🚀 KinyaRoBERTa - Pretrained Model for Kinyarwanda Language
A pre - trained model on the Kinyarwanda language dataset using masked language modeling (MLM). It offers capabilities for language - related tasks in Kinyarwanda.
🚀 Quick Start
The model can be used directly with the pipeline for masked language modeling or by directly using the transformer
library to get features.
✨ Features
- Kinyarwanda - Specific: Pretrained on a Kinyarwanda language dataset, making it suitable for Kinyarwanda language tasks.

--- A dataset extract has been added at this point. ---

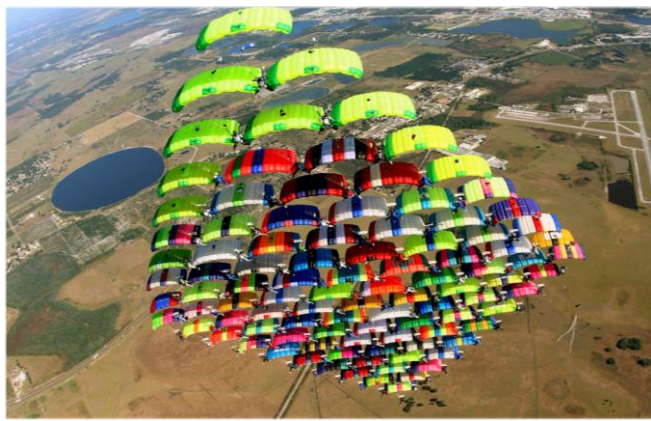
World Record CF - 2008

- Uncased Tokens: Pretrained with uncased tokens, so there's no distinction between cases (e.g., ikinyarwanda and Ikinyarwanda).
📦 Installation
No specific installation steps were provided in the original README. However, to use the model, you need to have the transformers
library installed. You can install it using pip install transformers
.
💻 Usage Examples
Basic Usage
The model can be used directly with the pipeline for masked language modeling as follows:
from transformers import pipeline
the_mask_pipe = pipeline(
"fill - mask",
model='jean - paul/kinyaRoberta - small',
tokenizer='jean - paul/kinyaRoberta - small',
)
the_mask_pipe("Ejo ndikwiga nagize <mask> baje kunsura.")
[{'sequence': 'Ejo ndikwiga nagize amahirwe baje kunsura.', 'score': 0.3530674874782562, 'token': 1711, 'token_str': ' amahirwe'},
{'sequence': 'Ejo ndikwiga nagize ubwoba baje kunsura.', 'score': 0.2858319878578186, 'token': 2594, 'token_str': ' ubwoba'},
{'sequence': 'Ejo ndikwiga nagize ngo baje kunsura.', 'score': 0.032475441694259644, 'token': 396, 'token_str': ' ngo'},
{'sequence': 'Ejo ndikwiga nagize abana baje kunsura.', 'score': 0.029481062665581703, 'token': 739, 'token_str': ' abana'},
{'sequence': 'Ejo ndikwiga nagize abantu baje kunsura.', 'score': 0.016263306140899658, 'token': 500, 'token_str': ' abantu'}]
Advanced Usage
Direct use from the transformer
library to get features using AutoModel
:
from transformers import AutoTokenizer, AutoModelForMaskedLM
tokenizer = AutoTokenizer.from_pretrained("jean - paul/kinyaRoberta - small")
model = AutoModelForMaskedLM.from_pretrained("jean - paul/kinyaRoberta - small")
input_text = "Ejo ndikwiga nagize abashyitsi baje kunsura."
encoded_input = tokenizer(input_text, return_tensors='pt')
output = model(**encoded_input)
📚 Documentation
Model Description
A Pretrained model on the Kinyarwanda language dataset using a masked language modeling (MLM) objective. RoBerta model was first introduced in this paper. This KinyaRoBERTa model was pretrained with uncased tokens which means that no difference between for example ikinyarwanda and Ikinyarwanda.
Training Parameters
Dataset
The data set used has both sources from the new articles in Rwanda extracted from different new web pages, dumped Wikipedia files, and the books in Kinyarwanda. The sizes of the sources of data are 72 thousand new articles, three thousand dumped Wikipedia articles, and six books with more than a thousand pages.
Hyperparameters
The model was trained with the default configuration of RoBerta and Trainer from the Huggingface. However, due to some resource computation issues, we kept the number of transformer layers to 6.
💡 Usage Tip
We used the Huggingface implementations for pretraining RoBerta from scratch, both the RoBerta model and the classes needed to do it.